**Task instructions**
Return each line of the material verbatim.

**Study material**

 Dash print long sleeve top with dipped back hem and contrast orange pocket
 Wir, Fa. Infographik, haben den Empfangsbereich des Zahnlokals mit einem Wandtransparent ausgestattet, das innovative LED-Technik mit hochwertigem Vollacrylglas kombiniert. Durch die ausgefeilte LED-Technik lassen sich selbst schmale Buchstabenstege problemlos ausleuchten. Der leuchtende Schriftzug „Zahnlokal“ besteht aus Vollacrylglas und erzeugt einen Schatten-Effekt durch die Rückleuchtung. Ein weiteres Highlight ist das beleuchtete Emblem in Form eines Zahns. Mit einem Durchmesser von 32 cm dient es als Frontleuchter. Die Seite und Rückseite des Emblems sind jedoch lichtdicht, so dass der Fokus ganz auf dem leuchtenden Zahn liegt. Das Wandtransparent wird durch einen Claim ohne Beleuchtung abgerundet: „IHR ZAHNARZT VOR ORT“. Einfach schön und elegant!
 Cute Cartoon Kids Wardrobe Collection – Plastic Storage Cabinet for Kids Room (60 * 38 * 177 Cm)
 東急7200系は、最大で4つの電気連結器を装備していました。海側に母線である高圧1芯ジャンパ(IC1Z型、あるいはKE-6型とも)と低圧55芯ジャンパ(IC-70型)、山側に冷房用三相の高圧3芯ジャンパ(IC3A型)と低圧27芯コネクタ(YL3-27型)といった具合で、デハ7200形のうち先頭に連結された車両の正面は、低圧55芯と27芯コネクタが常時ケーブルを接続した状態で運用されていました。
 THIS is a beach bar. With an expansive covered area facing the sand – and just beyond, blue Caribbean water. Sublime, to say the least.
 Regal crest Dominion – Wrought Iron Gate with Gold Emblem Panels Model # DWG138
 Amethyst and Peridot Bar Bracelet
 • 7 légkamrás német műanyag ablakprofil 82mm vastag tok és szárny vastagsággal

**Written response**
 Dash print long sleeve top with dipped back hem and contrast orange pocket
 Wir, Fa. Infographik, haben den Empfangsbereich des Zahnlokals mit einem Wandtransparent ausgestattet, das innovative LED-Technik mit hochwertigem Vollacrylglas kombiniert. Durch die ausgefeilte LED-Technik lassen sich selbst schmale Buchstabenstege problemlos ausleuchten. Der leuchtende Schriftzug „Zahnlokal“ besteht aus Vollacrylglas und erzeugt einen Schatten-Effekt durch die Rückleuchtung. Ein weiteres Highlight ist das beleuchtete Emblem in Form eines Zahns. Mit einem Durchmesser von 32 cm dient es als Frontleuchter. Die Seite und Rückseite des Emblems sind jedoch lichtdicht, so dass der Fokus ganz auf dem leuchtenden Zahn liegt. Das Wandtransparent wird durch einen Claim ohne Beleuchtung abgerundet: „IHR ZAHNARZT VOR ORT“. Einfach schön und elegant!
 Cute Cartoon Kids Wardrobe Collection – Plastic Storage Cabinet for Kids Room (60 * 38 * 177 Cm)
 東急7200系は、最大で4つの電気連結器を装備していました。海側に母線である高圧1芯ジャンパ(IC1Z型、あるいはKE-6型とも)と低圧55芯ジャンパ(IC-70型)、山側に冷房用三相の高圧3芯ジャンパ(IC3A型)と低圧27芯コネクタ(YL3-27型)といった具合で、デハ7200形のうち先頭に連結された車両の正面は、低圧55芯と27芯コネクタが常時ケーブルを接続した状態で運用されていました。
 THIS is a beach bar. With an expansive covered area facing the sand – and just beyond, blue Caribbean water. Sublime, to say the least.
 Regal crest Dominion – Wrought Iron Gate with Gold Emblem Panels Model # DWG138
 Amethyst and Peridot Bar Bracelet
 • 7 légkamrás német műanyag ablakprofil 82mm vastag tok és szárny vastagsággal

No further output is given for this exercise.